## Data for processing:
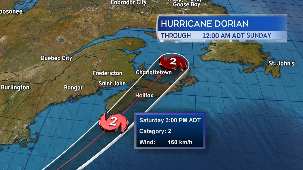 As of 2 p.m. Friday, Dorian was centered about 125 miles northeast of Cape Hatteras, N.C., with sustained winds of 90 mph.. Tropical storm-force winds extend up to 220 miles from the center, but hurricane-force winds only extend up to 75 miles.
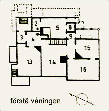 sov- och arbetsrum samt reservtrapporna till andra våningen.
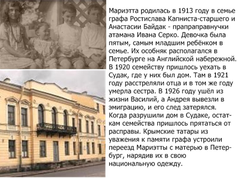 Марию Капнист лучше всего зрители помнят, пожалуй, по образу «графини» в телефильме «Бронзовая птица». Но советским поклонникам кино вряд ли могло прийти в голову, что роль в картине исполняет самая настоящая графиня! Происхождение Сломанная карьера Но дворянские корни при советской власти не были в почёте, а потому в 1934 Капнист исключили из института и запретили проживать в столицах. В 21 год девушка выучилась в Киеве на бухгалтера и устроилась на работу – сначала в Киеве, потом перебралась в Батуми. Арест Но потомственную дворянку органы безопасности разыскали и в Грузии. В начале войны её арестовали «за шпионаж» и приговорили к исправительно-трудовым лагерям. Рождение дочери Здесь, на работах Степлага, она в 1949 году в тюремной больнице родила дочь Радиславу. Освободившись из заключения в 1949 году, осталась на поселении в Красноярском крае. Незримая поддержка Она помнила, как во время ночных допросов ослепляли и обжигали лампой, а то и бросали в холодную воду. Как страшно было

--

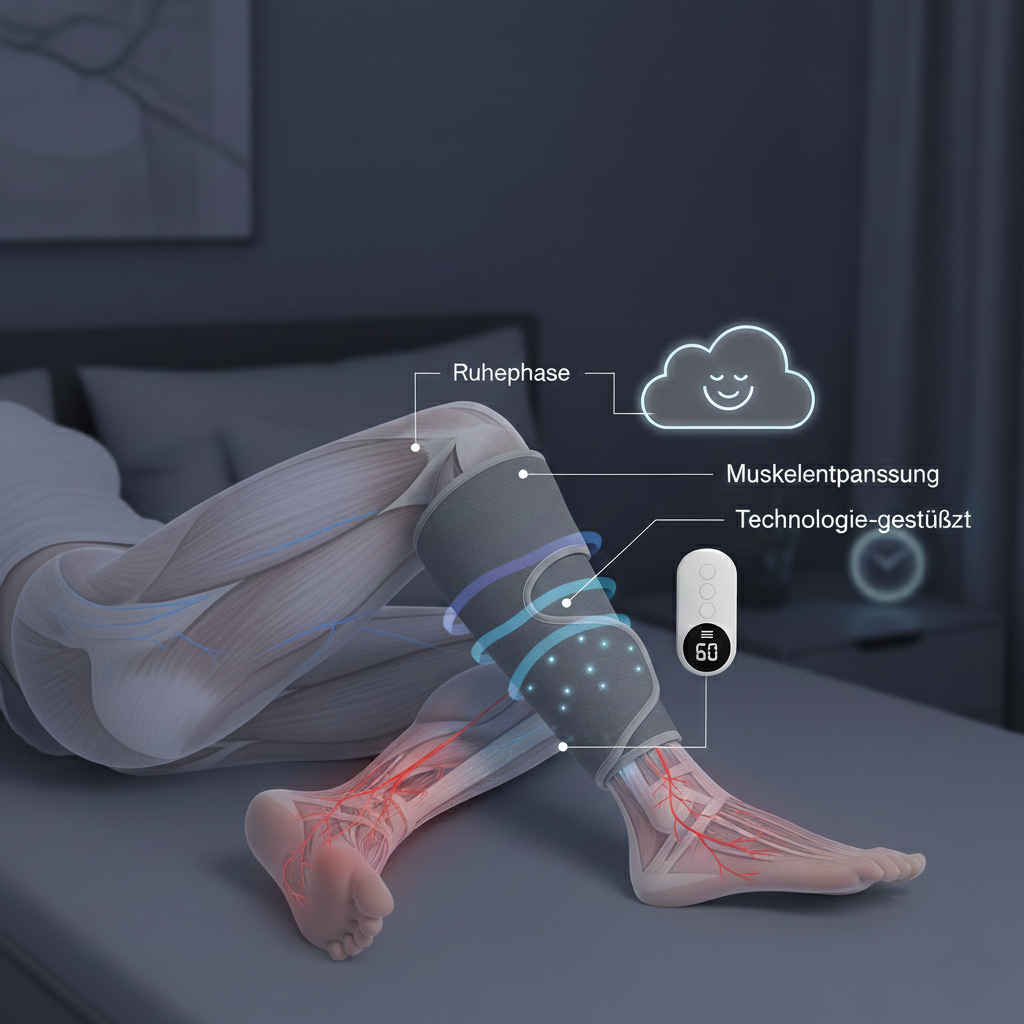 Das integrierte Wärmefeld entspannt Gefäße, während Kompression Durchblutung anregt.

## What needs to be done:
For the data above, set down exactly the lines from the line with "As of 2 p.m." to the line with "sov- och arbetsrum", both included, leaving pictures out.

## Output of the exercise:
 As of 2 p.m. Friday, Dorian was centered about 125 miles northeast of Cape Hatteras, N.C., with sustained winds of 90 mph.. Tropical storm-force winds extend up to 220 miles from the center, but hurricane-force winds only extend up to 75 miles.
 sov- och arbetsrum samt reservtrapporna till andra våningen.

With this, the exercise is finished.